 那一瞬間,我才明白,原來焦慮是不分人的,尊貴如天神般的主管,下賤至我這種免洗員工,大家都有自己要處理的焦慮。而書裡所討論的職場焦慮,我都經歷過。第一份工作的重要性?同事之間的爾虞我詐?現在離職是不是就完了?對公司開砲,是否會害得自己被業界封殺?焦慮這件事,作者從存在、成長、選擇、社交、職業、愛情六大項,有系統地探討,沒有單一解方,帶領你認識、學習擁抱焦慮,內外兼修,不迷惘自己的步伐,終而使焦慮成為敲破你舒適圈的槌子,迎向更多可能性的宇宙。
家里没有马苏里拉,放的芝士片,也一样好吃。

* * *

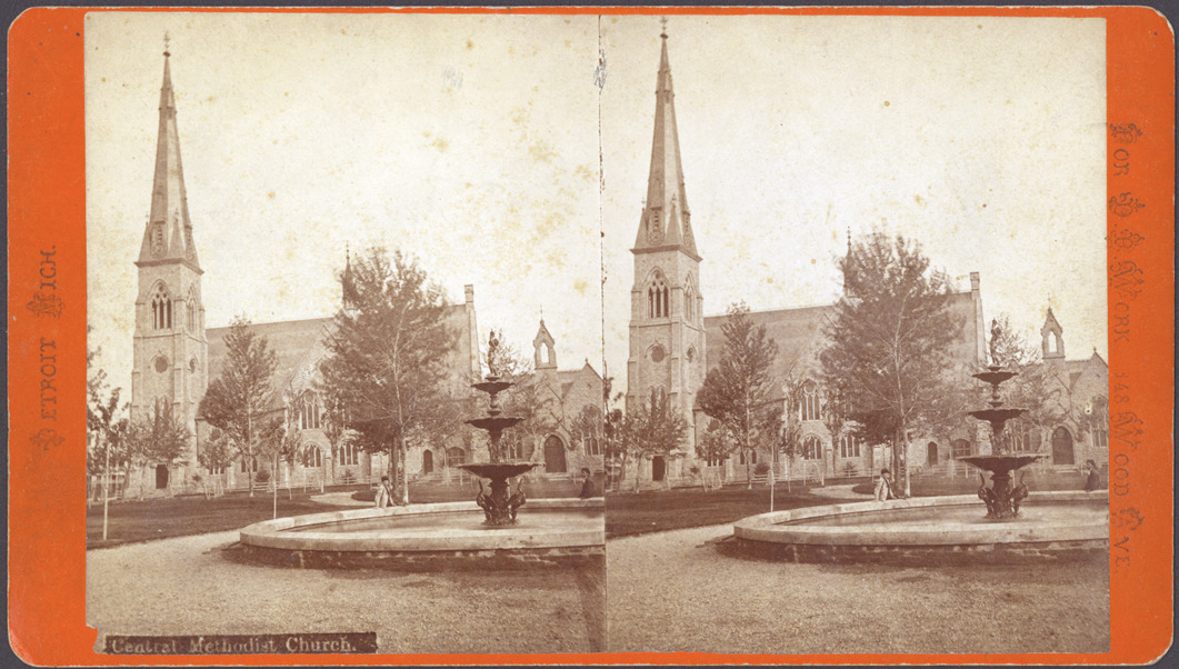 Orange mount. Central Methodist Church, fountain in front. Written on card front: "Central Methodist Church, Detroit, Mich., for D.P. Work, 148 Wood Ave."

> [What you have to do]: In the listing above, locate the line containing "那一瞬間,我才明白,原來焦慮" and the line containing "家里没有马苏里拉,放的芝士片,也一样好吃。". Extract those two lines and every line between them, exactly as written, and only those.

> [Solution to the exercise]:
 那一瞬間,我才明白,原來焦慮是不分人的,尊貴如天神般的主管,下賤至我這種免洗員工,大家都有自己要處理的焦慮。而書裡所討論的職場焦慮,我都經歷過。第一份工作的重要性?同事之間的爾虞我詐?現在離職是不是就完了?對公司開砲,是否會害得自己被業界封殺?焦慮這件事,作者從存在、成長、選擇、社交、職業、愛情六大項,有系統地探討,沒有單一解方,帶領你認識、學習擁抱焦慮,內外兼修,不迷惘自己的步伐,終而使焦慮成為敲破你舒適圈的槌子,迎向更多可能性的宇宙。
家里没有马苏里拉,放的芝士片,也一样好吃。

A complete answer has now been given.